Погодин недовольно покрутил головой.
– Рано, Дима. И оснований маловато. Пока еще неизвестно, какие показания даст на допросе Маша. Возьмет и заявит: «Дымов ничего не дарил».
– Но ведь часы и бусы у нее?
– Допустим. И что же? Назовет не Дымова, какого-нибудь Петрова, а? Вот тебе и основания для обыска. Получится пшик! И Сашку Дымова надо допросить. Тогда получим какое-то прояснение. Согласен?
– Пожалуй.
Разговаривая, Погодин кружил по кабинету, время от времени потирая пальцами лоб. Колокольчиков продолжал сидеть у окна, поглядывая на решительное лицо коллеги.
– Все! – Погодин остановился посередине кабинета. – Ищи Машу, вези сюда, допрашивай. Если появится необходимость – изымай часы и бусы. Я пошел к Дымовым. Попутно проверю паспортный режим.

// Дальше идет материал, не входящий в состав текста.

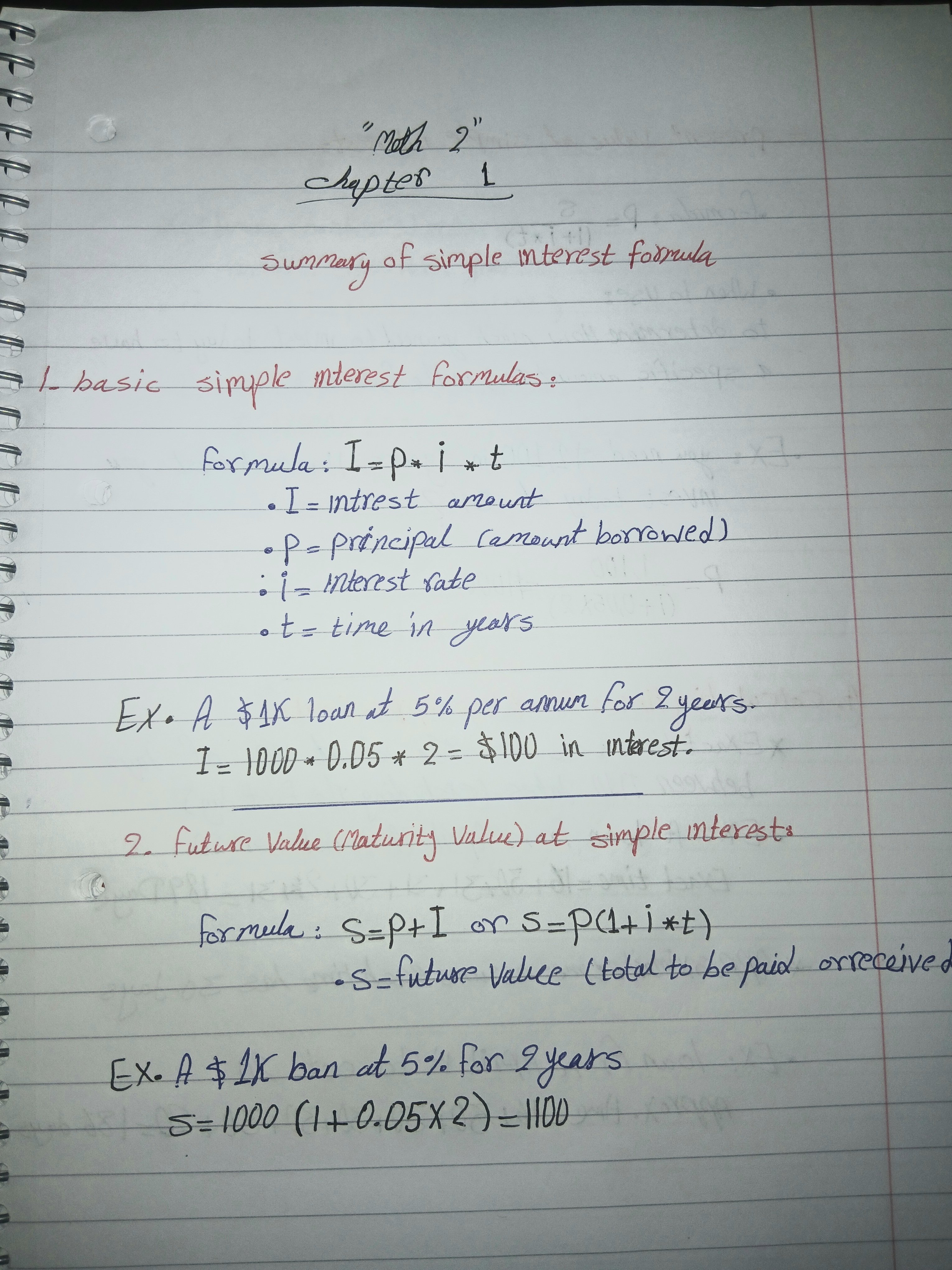 The handwriting sample displays a neat and upright style, with clear distinctions between letters. The writing is generally consistent in terms of letter size and spacing, as seen in phrases like "simple interest formula" and "future value". However, there are slight variations in letter formation, such as the occasional inconsistent slant in letters like 'y' and 'k'. The writing appears somewhat methodical and deliberate, with an emphasis on legibility, although the 'm' in "mterest" suggests a minor lapse in concentration.

– Может, подкинуть на мотоцикле?
– Пешком дойду, невелика даль.
Они одновременно покинули кабинет. Колокольчиков на мотоцикле круто свернул за угол и скрылся. Погодин направился в изогнутую подковой широкую улицу, забитую казахстанскими машинами, груженными кряжистым сосновым лесом, от которого тянуло свежим запахом живицы. За столовой Погодин свернул в третий переулок, замедлил шаг, посмотрел на угловой номер. Его заворожила тишина. Впереди, у палисадника, в пыльной земле, пурхались куры. У подворотни, налетая друг на друга, дрались взъерошенные петухи – черный и белый. Увидев на столбе цифру «15», Погодин шагнул к калитке. Петухи, распластав крылья, разбежались в разные стороны.
В ограде пожилой мужчина насаживал новую метлу на березовый черенок. Он прекратил свое занятие, увидев незнакомого человека, остановившегося сбоку и мягко сказавшего: «Здравствуйте».
– День добрый, – добродушно ответил мужчина и слабым взмахом руки воткнул острый носок топора в комлевый чурбан, бессчетно раз израненный топорами и пилами. – Слушаю вас!
– Я из милиции, – отрекомендовался лейтенант Погодин, показывая развернутое удостоверение с фотокарточкой и двумя печатями. – Надо проверить домовую книгу и паспорта.
– Вы новый участковый?
– Нет. Из уголовного розыска. Погодин.
– Понимаю, – многозначительно произнес мужчина, качнув седеющей головой. – У нас полнейший порядок.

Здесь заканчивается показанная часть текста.